Ela disse ainda que a International Agency for Research on Cancer da Organização Mundial de Saúde (OMS), o World Cancer Research Fund e o American Institute for Cancer Research declararam que nenhum nível de consumo de álcool é completamente seguro, o que levou à mudança das diretrizes para consumo consciente de álcool no Reino Unido de 2016 para afirmar que nenhum nível de consumo de álcool é totalmente seguro.

Álcool e o coração

O Dr.
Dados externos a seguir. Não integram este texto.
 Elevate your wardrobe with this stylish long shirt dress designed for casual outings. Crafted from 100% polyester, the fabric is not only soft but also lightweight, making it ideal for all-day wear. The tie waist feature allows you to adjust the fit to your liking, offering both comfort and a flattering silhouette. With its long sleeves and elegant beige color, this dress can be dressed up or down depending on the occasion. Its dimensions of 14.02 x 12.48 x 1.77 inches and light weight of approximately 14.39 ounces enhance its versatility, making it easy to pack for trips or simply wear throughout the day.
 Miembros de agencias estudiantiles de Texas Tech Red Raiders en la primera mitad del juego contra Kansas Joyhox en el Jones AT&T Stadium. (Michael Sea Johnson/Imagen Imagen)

Mark também lembrou que mesmo que alguns estudos tenham encontrado uma possível relação protetora entre o álcool e doenças cardíacas, essa relação ainda não foi esclarecida, e podem haver outras explicações para este achado.
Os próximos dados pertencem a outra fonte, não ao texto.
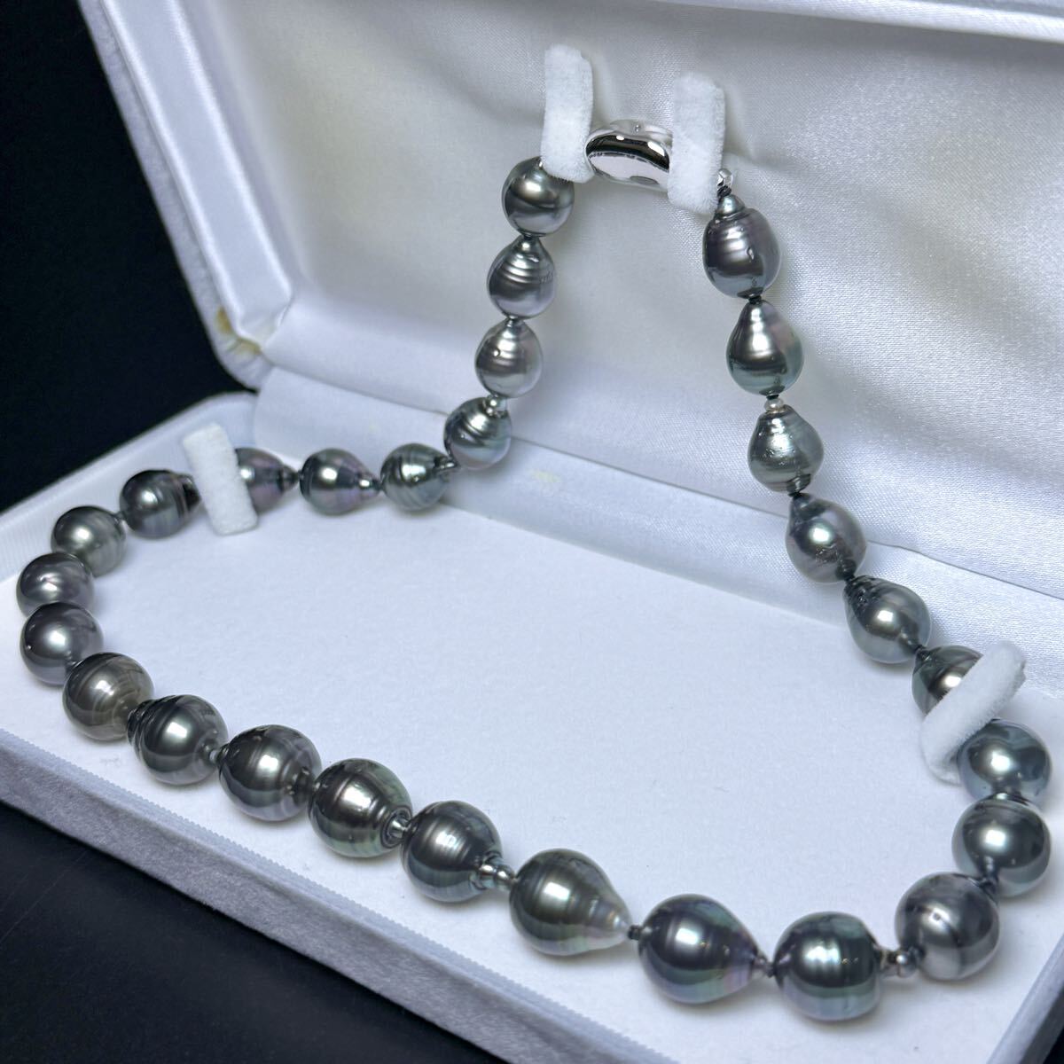 > 照り◎ 黒蝶パール ネックレス 10.59〜12.27㎜ 69.7g 45㎝ 本真珠 SILVER刻印 シルバー クロチョウ 南洋 pearl jewelry ピーコックグリーン

“Mesmo que tal efeito protetor seja real – o que é contestado – ele está relacionado apenas com doenças cardíacas e existem cerca de 200 outras doenças com risco aumentado pelo álcool, inclusive o câncer”.
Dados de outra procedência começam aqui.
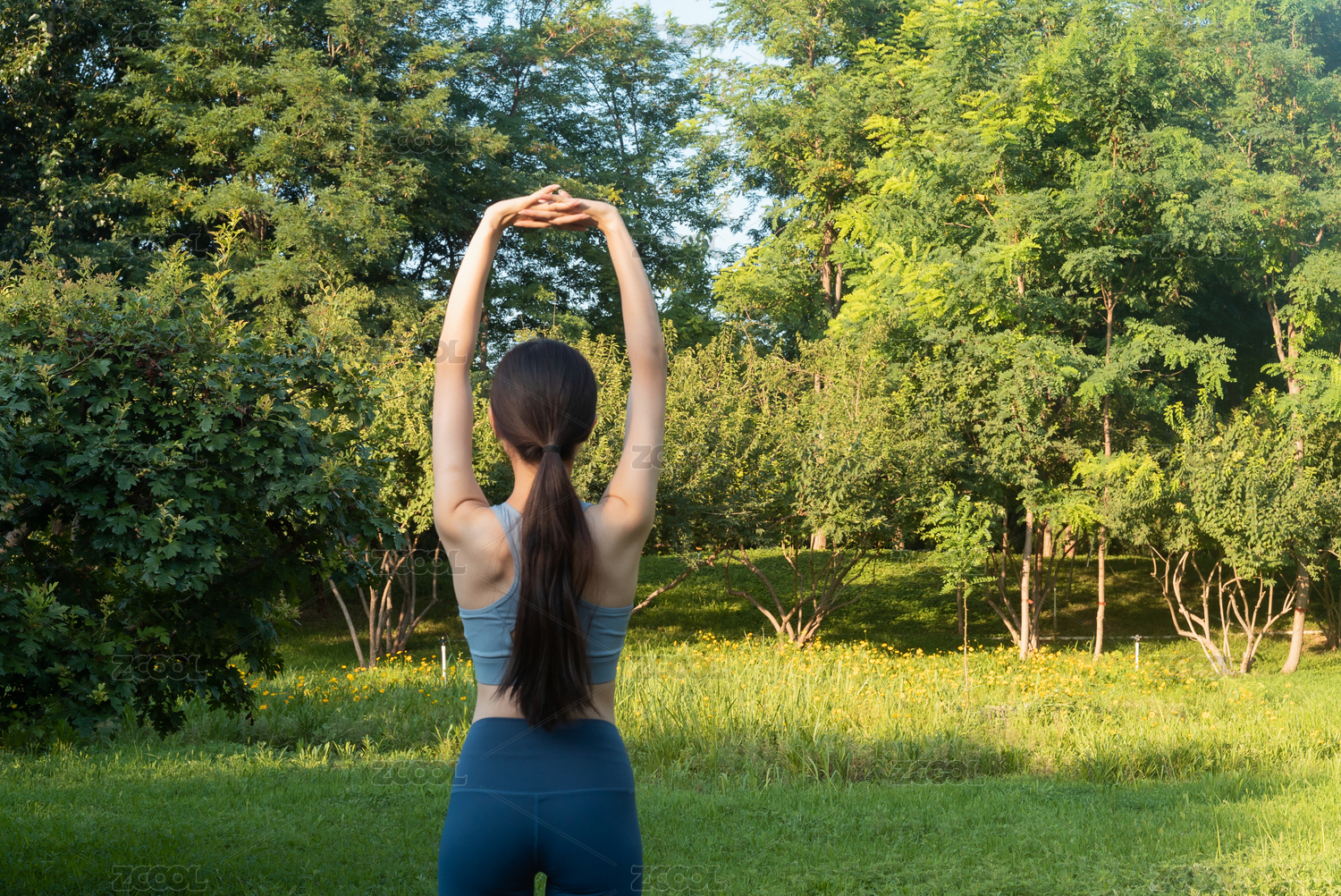 有陽光的公園里,正在鍛煉的年輕女性背影

É importante ressaltar que, para baixos níveis de consumo, o risco de câncer é baixo, explicou o Dr. Mark. “Além disso, em termos de álcool e doenças cardíacas, se houver um efeito protetor, isso ocorre em níveis muito baixos de consumo”.

No que tange à comunicação dessa informação para o público, o estudo levanta outras questões. “É importante saber como o público responderia à mensagem que descreve o risco do álcool em termos de cigarros fumados”, acrescentou.

“Nós não sabemos o suficiente sobre isso. Será que o público acha que o pequeno aumento do risco ‘vale a pena’? Será que rejeitarão essa mensagem? Este seria um estudo importante a ser realizado”.

Os autores do trabalho enfatizaram que embora esses novos dados façam uma comparação realista, “deve-se entender que os riscos descritos são riscos de nível populacional, o efeito de 10 unidades de álcool por semana ou 10 cigarros por semana em um nível individual varia devido a outras características como o estilo de vida, genética, etc.”.

A autora principal, Dra. Theresa, também destacou que, embora a equipe tenha se esforçado para corrigir o efeito sinérgico entre beber e fumar, “isso ainda será um problema. Se você beber e fumar, os riscos de câncer não se somam, eles se multiplicam”.

Embora os riscos do tabagismo para a saúde estejam bem estabelecidos e amplamente compreendidos pelo público, a situação é diferente com o álcool, especialmente no que se refere ao câncer. Mesmo que os estudos tenham demonstrado que o consumo de álcool é um fator de risco para várias neoplasias, a conscientização do público em geral é baixa. Em uma pesquisa realizada em 2017 pela American Society for Clinical Oncology, por exemplo, 70% dos norte-americanos não citaram o consumo de álcool como um fator de risco para o câncer, conforme publicado pelo Medscape.

O estudo não recebeu financiamento externo. A Dra. Ruth Etzioni e o Dr. Mark Petticrew informaram não ter conflitos de interesses relevantes.